Cela était tellement rare d'avoir une marque de tendresse de la part du capitaine, que Nolan ne le refusa pas.
Emma qui venait elle, de s'installer et d'enfiler sa blouse souriait encore de cet échange. Elle s'amusait à essayer de déstabiliser cette belle brune qui la hantait. Cela était-il devenu son nouveau hobbie ?
Le capitaine venait à peine de déposer son sac, que son téléphone sonna.
«Capitaine Mills, j'écoute ?»
«...»
«Où ?»
«...»
«Evidemment, je vous remercie. Non, n'y touché pas.»
«...»
«Votre numéro de badge ?»
«...»
«Obéissez ! Oui, nous arrivons»
Puis reposa l'appareil sur son combiné.
Elle sortit son téléphone portable de sa poche et se dirigea vers les bureaux de son équipe. Tout en appelant Emma, pour lui demander de rappliquer, car une nouvelle victime avait été signaler, et cette fois ci dans cet État.
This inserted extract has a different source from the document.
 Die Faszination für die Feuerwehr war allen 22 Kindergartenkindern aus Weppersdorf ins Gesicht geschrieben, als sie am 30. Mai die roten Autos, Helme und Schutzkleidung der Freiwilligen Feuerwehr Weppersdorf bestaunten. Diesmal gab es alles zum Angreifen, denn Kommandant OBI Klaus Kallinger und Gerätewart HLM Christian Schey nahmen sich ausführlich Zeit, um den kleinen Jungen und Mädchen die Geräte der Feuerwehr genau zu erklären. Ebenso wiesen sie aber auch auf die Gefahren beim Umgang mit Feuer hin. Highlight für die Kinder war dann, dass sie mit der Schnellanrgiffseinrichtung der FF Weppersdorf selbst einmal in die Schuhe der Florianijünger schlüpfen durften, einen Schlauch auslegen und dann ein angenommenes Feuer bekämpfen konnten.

Au bout de quelques minutes, tout le monde fut rassemblé et elle exposa les quelques faits qu'elle avait reçu par téléphone quelques minutes plus tôt.
«Une femme morte a été découverte à quelques rues d'ici, la description de la scène de crime, faite par un agent correspond à notre enquête. Une information capitale s'ajoute à cela, pendant que l'agent faisait sa ronde, il a fait fuir le tueur. Ce qui veut dire, que ce cruel tueur n'a probablement pas eu le temps de nettoyer de fond en comble la scène de crime. Nous allons nous rendre sur le terrain et inspecter chaque millimètre de la scène de crime. Je vous rejoins pour superviser tout cela sur place. TOUT LE MONDE EN ROUTE.»
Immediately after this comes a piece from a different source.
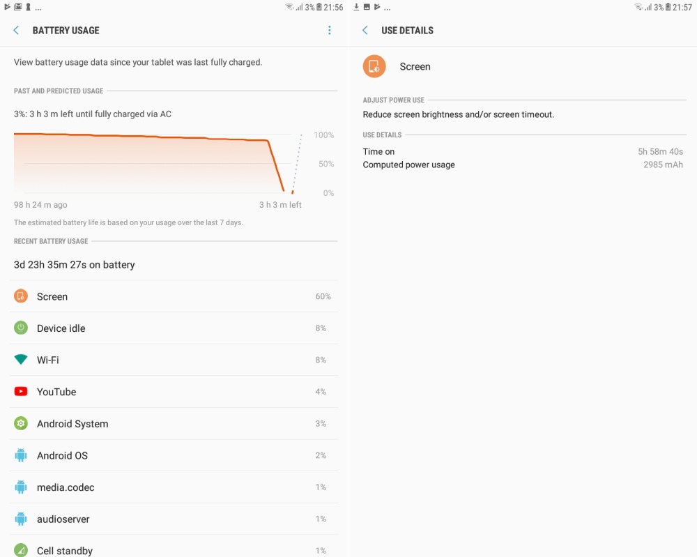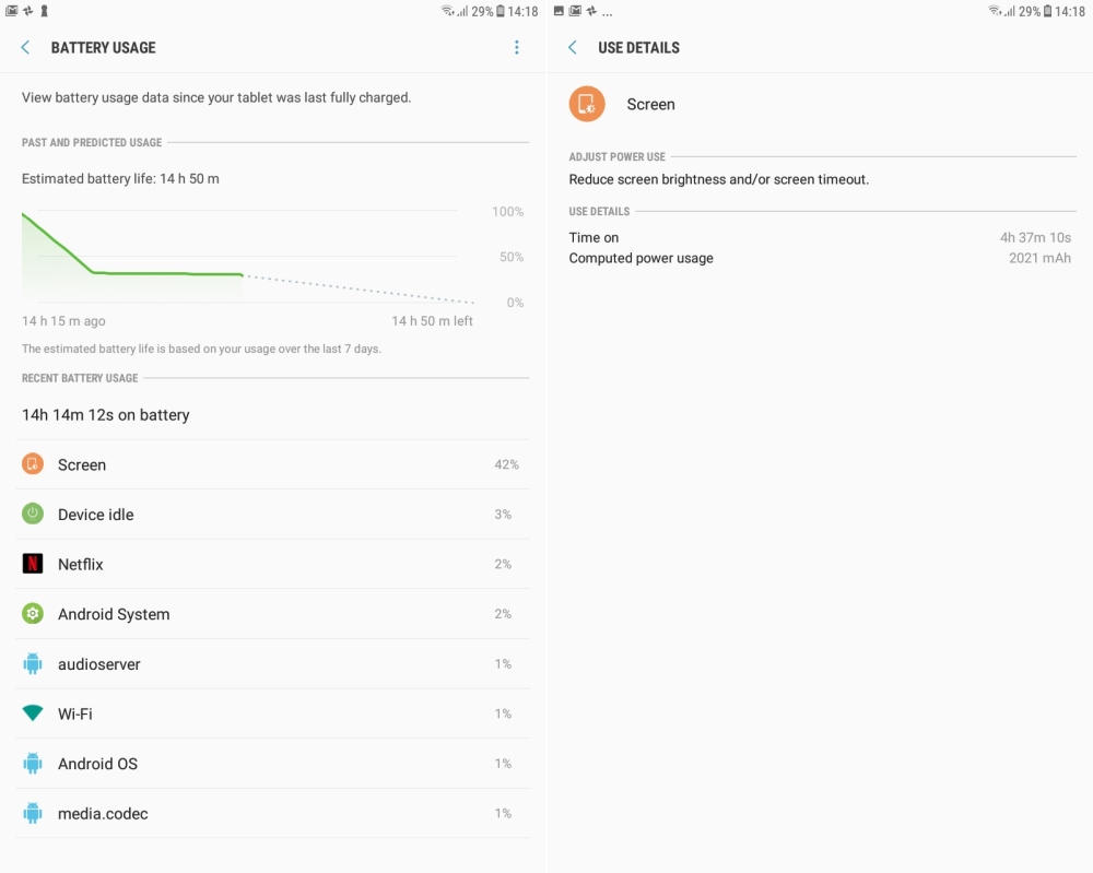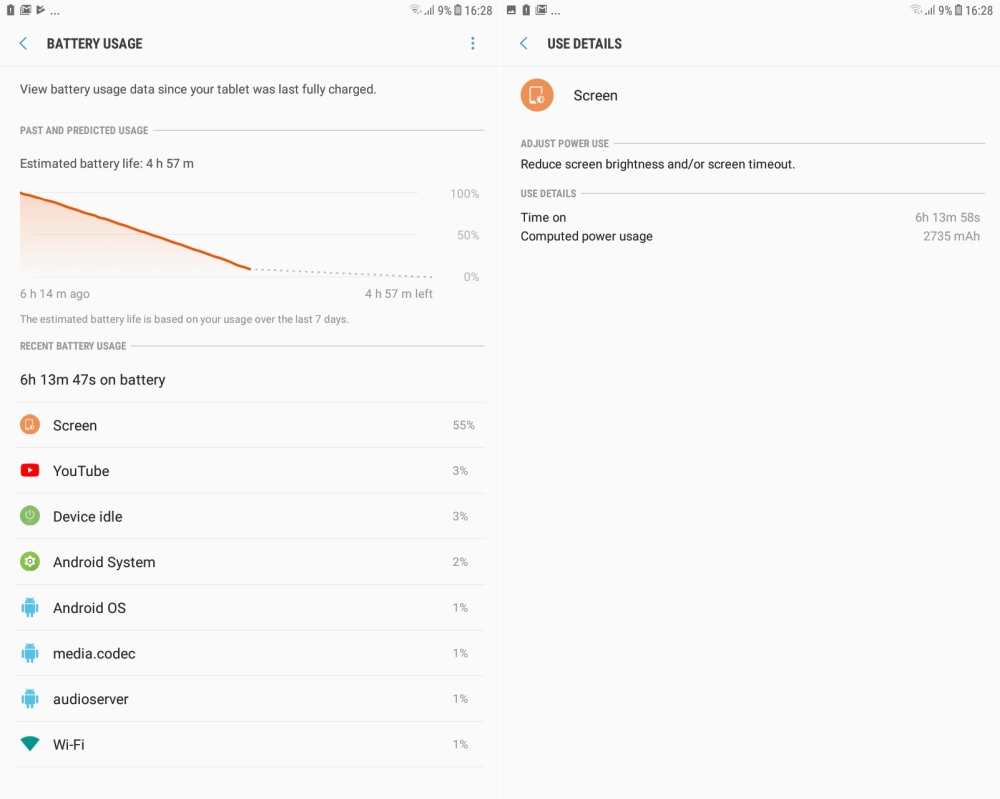 I don't know where Samsung gets the 14-hour video playback figure that it touts for the Galaxy Tab A (2017), because for me, 7 hours was the extent to which the tablet was able to continuously play videos for me over a Wi-Fi connection. The 5,000 mAh battery lasts insanely long when the tablet isn't used for a few days, as it should given the meager hardware it has to power, but battery life isn't as good as you'd like when you're binge-watching the second season of Stranger Things on Netflix.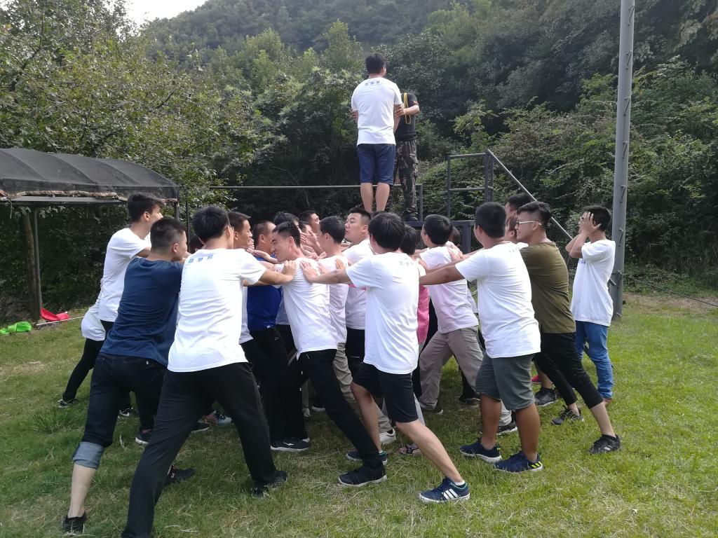 午餐休整后,全体学员分组进行“信任背摔”,教练先进行训练指导,强调了“信任背摔”的安全注意事项及台下队员的正确站姿,此项目旨在训练学员打破舒适圈,寻求突破,把自己交给团队,同时建立换位思考意识,增进团队成员间的理解与信任,带队的康静老师也走上台阶,参与了“信任背摔”。

Nolan s'approcha d'elle, pendant que le reste de l'équipe sortait de la salle de réunion, et prenait la direction des rues de New York pour se rendre à l'adresse que leur capitaine leur avait donnée.
«Regina, tu penses que c'est une bonne idée ?» Commença-t-il.
«De quoi parles-tu ?»
«Le fait que tu veuilles retourner sur le terrain dans ses conditions. Ça fait un moment que tu n'y as pas été.»
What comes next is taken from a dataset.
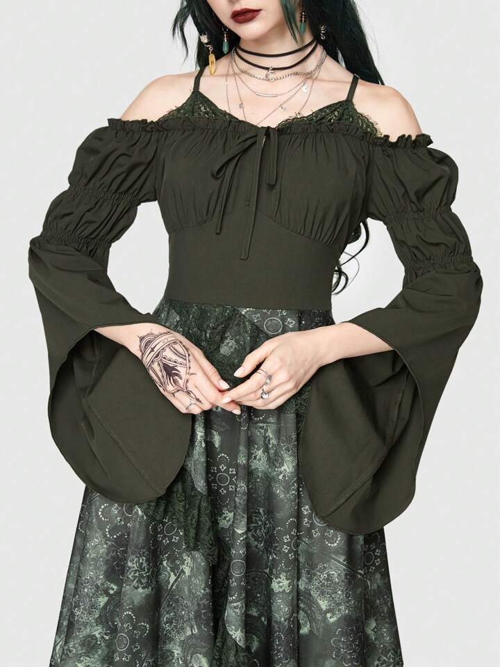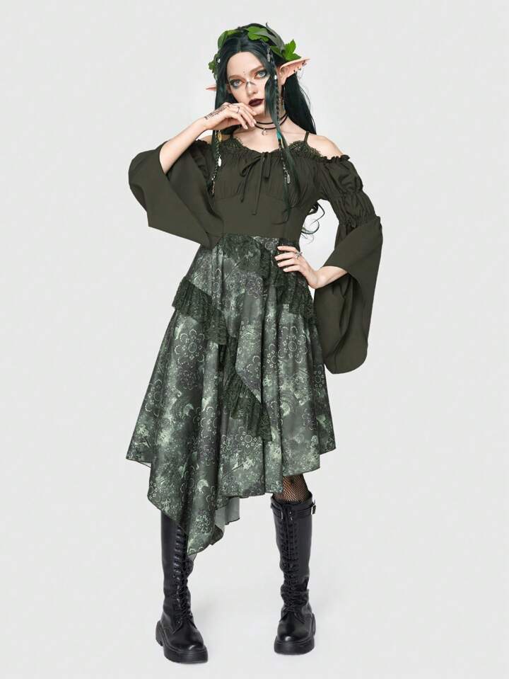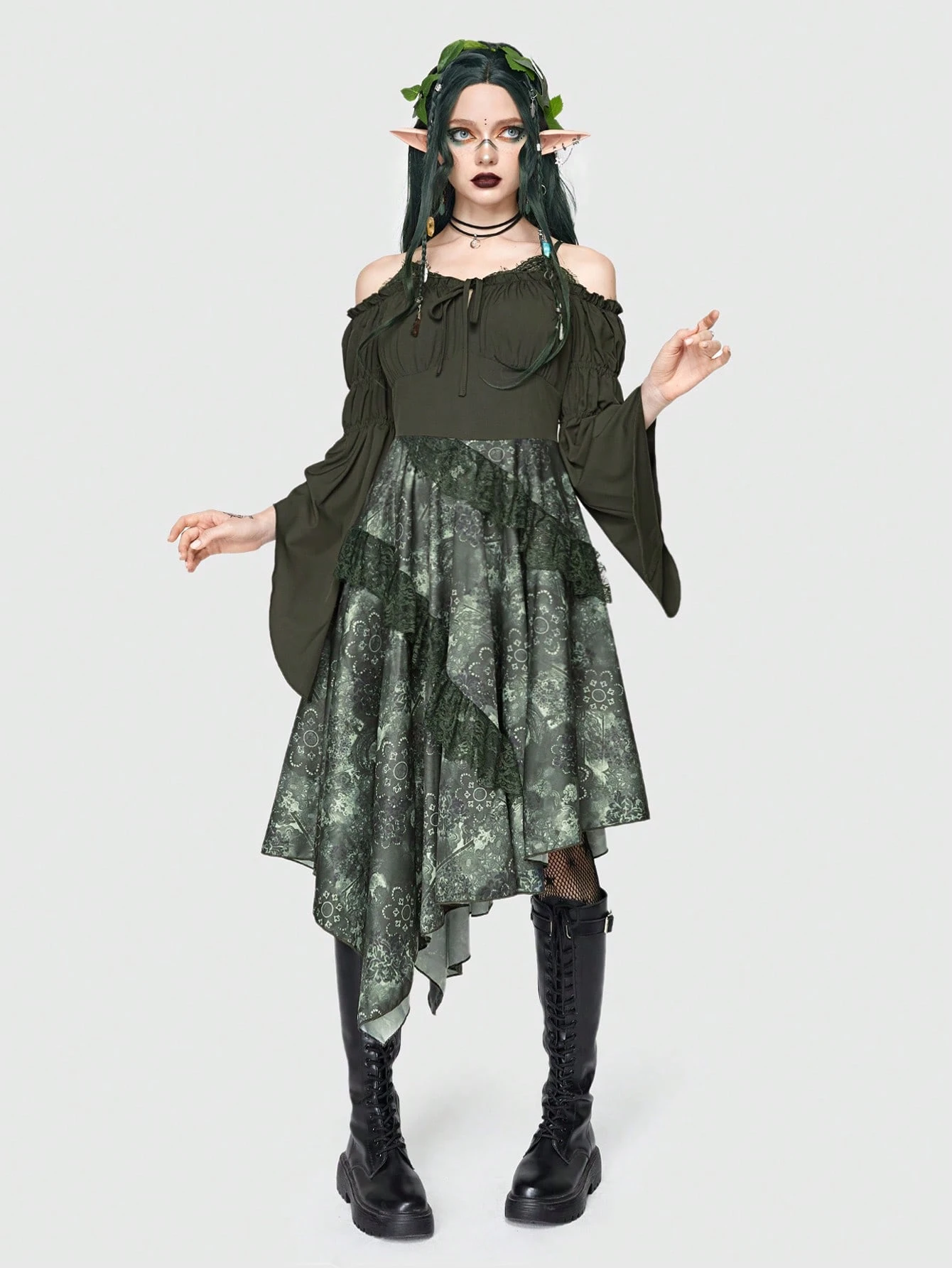 Fairycore Vestido con estampado floral de hombros descubiertos de manga amplia bajo asimétrico

«2 ans, et 11 mois exactement.»
«Et le fait que t'énumère cette date comme ça, tout te parait normal ?»
«David, je ne suis plus dans le même état qu'i ans, ça va beaucoup mieux.»
«Je suis désole, mais j'en doute. On ne guéri pas vraiment de ce que tu as vécu.»
«Et bien moi, si !»
«Tu n'es pas immortel, même si je le voudrais. Et je ne peux faire autrement que m'inquiétais pour toi.»
«C'est gentil, mais ça va aller David, je t'assure !»
«J'ai quand même envie de te redire, que je suis là. Si tu as besoin de parler, ou d'autre chose.»
«Ça va David, ça va.» Dit-elle en déposant une main rassurante sur son épaule.
«Ça ne te dérange pas si je t'accompagne»
«Tu me materne là, tu en es conscient.»
Il se mit à rire. Et ils partirent récupérer la voiture de son nouveau sergent.
Une fois sur la scène de crime, qui avait été sécurisé avant leur arriver. Le capitaine se dirigea directement vers Emma, qui était agenouillé près du corps en train de le bâcher, pour l'emmener au laboratoire de la police.
«Je veux la voir.» Dit Regina sur un ton autoritaire.
«Vous êtes sûr ?»
«Vous ne m'avez pas entendu ?»
Emma souleva lentement le tissu qui recouvrait le corps pour mettre à vue petit à petit le corps de cette 7ème victime.
À quelques mètres de là, Ruby rejoignit son collègue et coéquipier.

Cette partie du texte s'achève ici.